[Dataset extract — start]

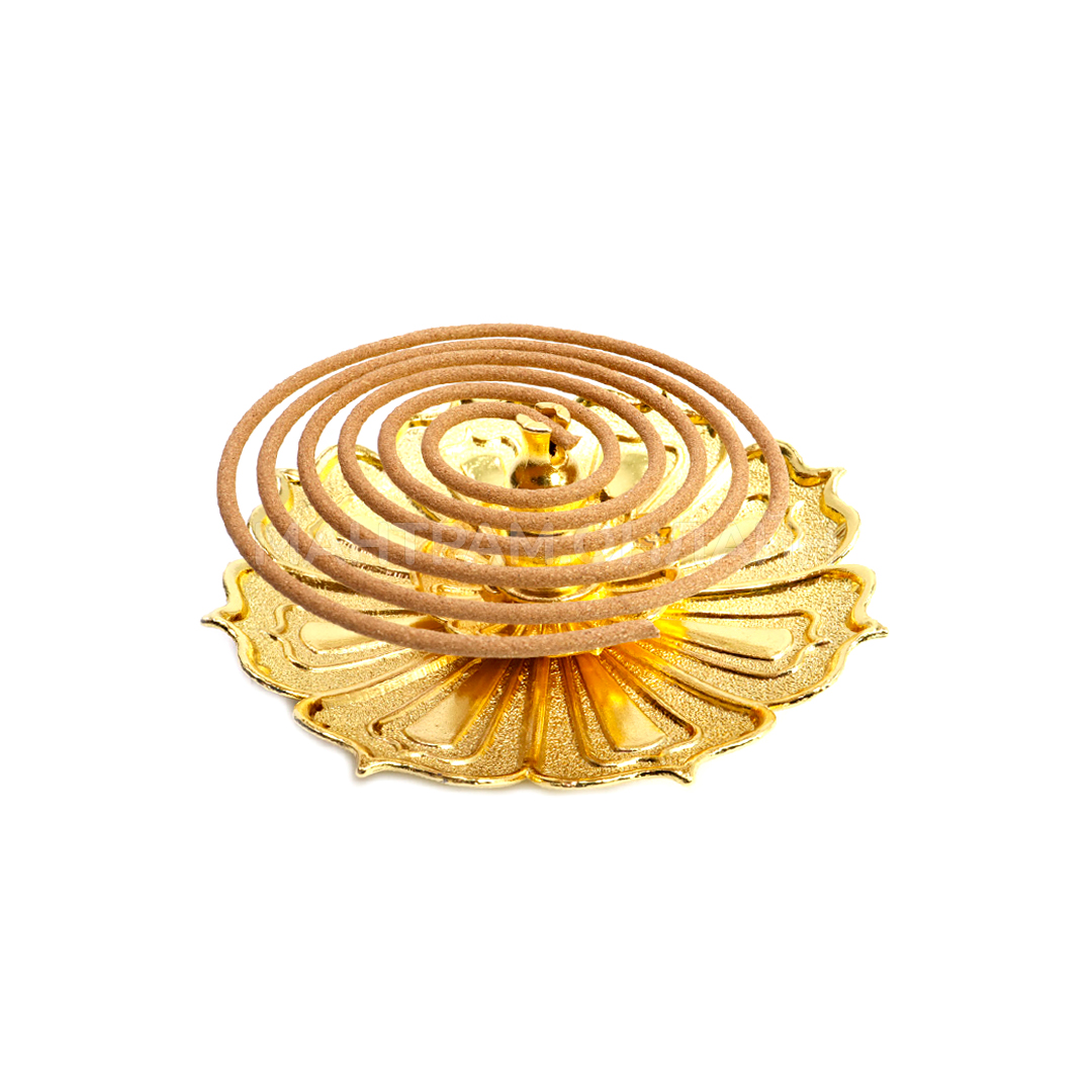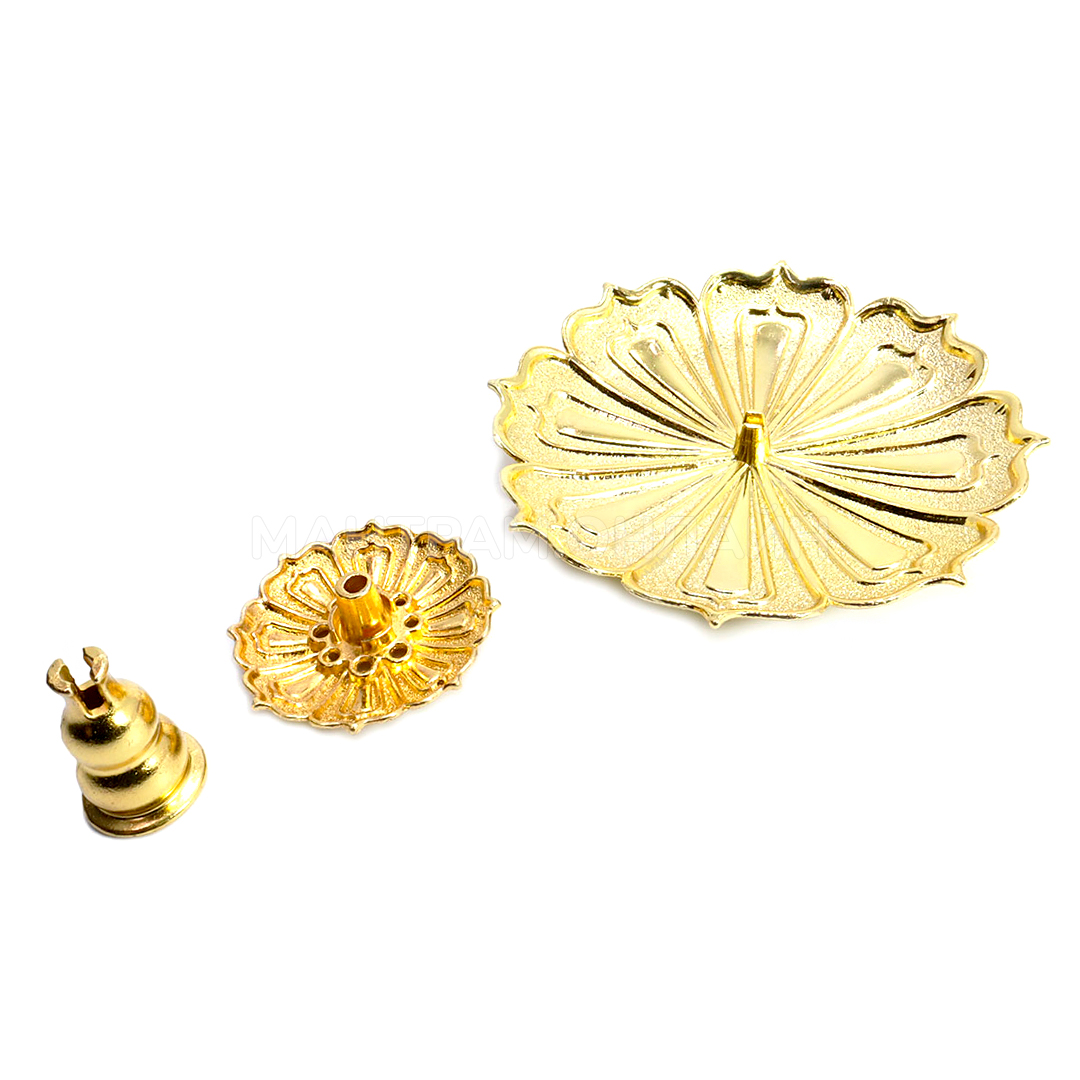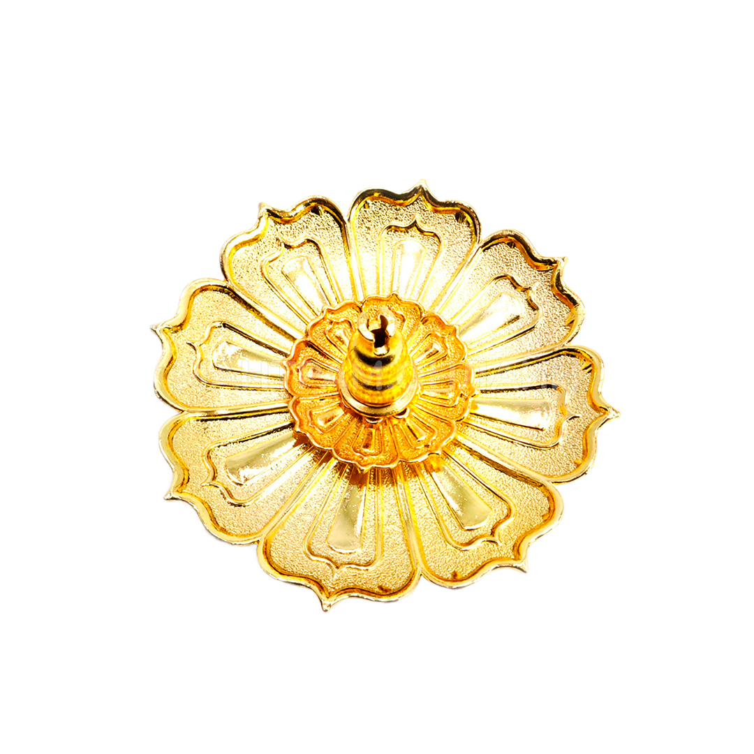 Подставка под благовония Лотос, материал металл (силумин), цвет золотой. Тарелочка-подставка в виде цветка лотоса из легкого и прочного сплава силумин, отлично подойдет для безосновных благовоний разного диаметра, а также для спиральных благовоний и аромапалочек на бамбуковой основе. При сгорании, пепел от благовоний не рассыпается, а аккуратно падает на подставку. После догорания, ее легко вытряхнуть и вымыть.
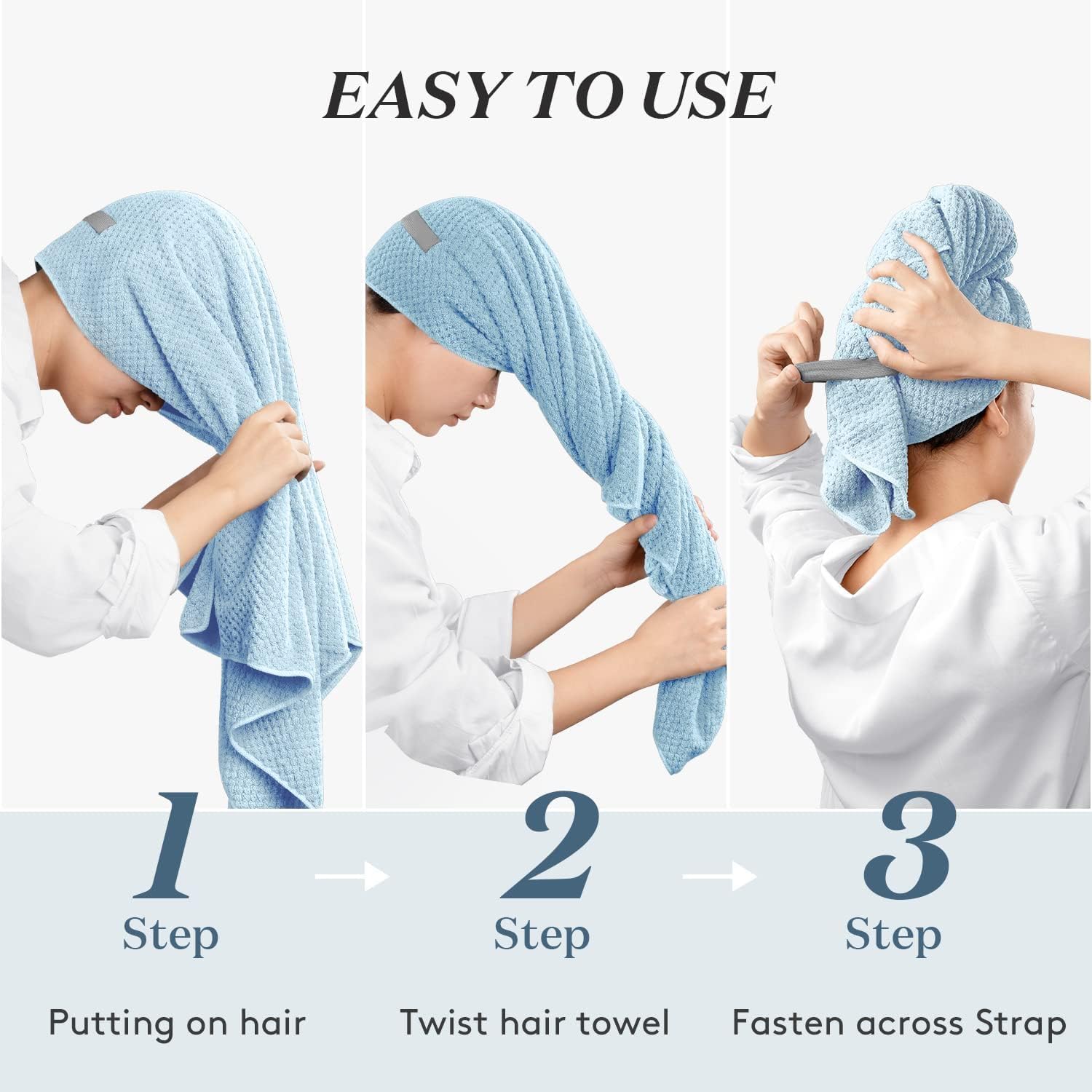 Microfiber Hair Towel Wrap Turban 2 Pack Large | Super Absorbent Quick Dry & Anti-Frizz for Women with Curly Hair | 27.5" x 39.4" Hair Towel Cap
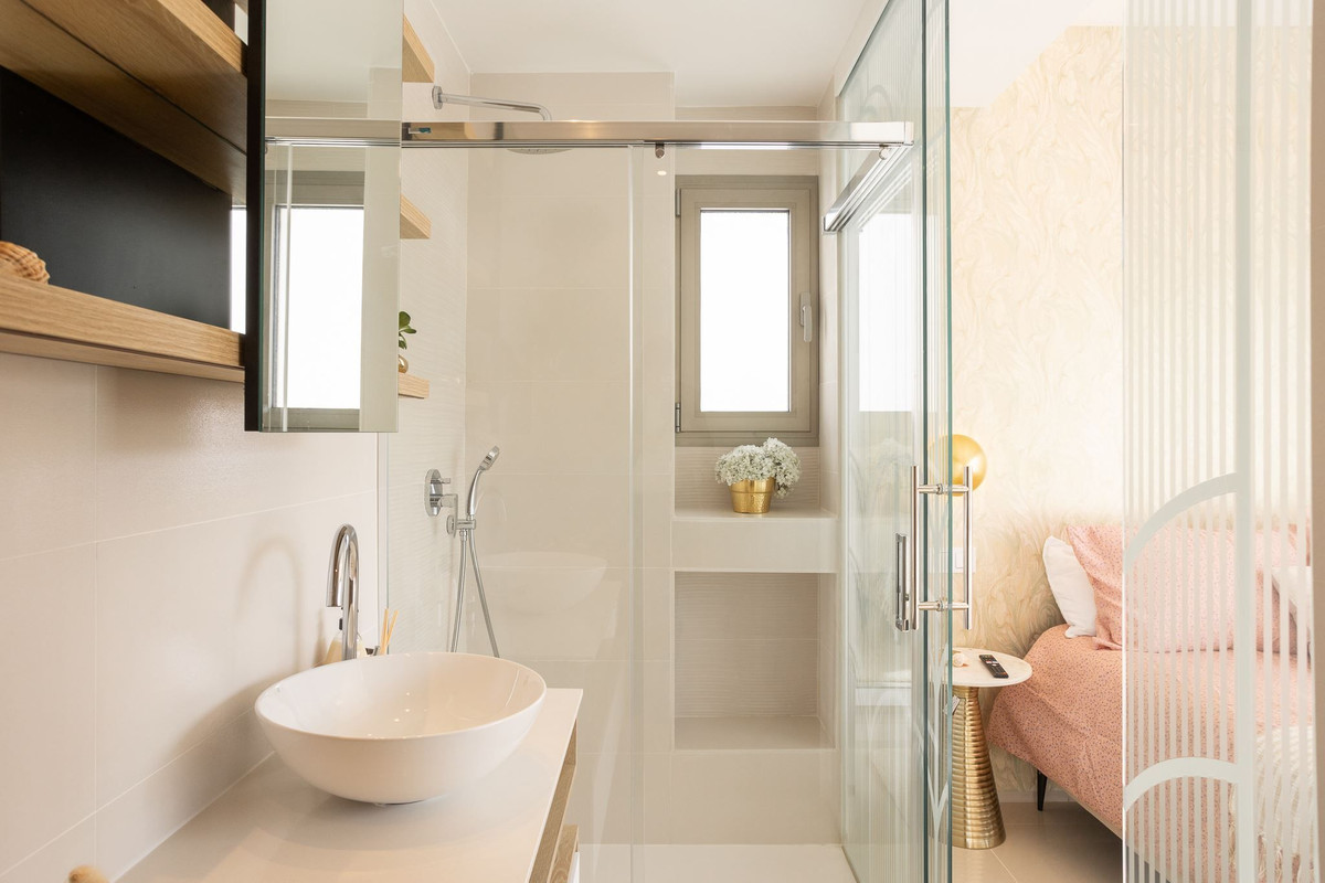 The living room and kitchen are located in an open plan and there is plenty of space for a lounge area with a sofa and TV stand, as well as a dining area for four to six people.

[Dataset extract — finish]

» What you need to do: In the reply, every line of the material above is to be reproduced verbatim, and the images are to be left out.

» Solution to this task:
 Подставка под благовония Лотос, материал металл (силумин), цвет золотой. Тарелочка-подставка в виде цветка лотоса из легкого и прочного сплава силумин, отлично подойдет для безосновных благовоний разного диаметра, а также для спиральных благовоний и аромапалочек на бамбуковой основе. При сгорании, пепел от благовоний не рассыпается, а аккуратно падает на подставку. После догорания, ее легко вытряхнуть и вымыть.
 Microfiber Hair Towel Wrap Turban 2 Pack Large | Super Absorbent Quick Dry & Anti-Frizz for Women with Curly Hair | 27.5" x 39.4" Hair Towel Cap
 The living room and kitchen are located in an open plan and there is plenty of space for a lounge area with a sofa and TV stand, as well as a dining area for four to six people.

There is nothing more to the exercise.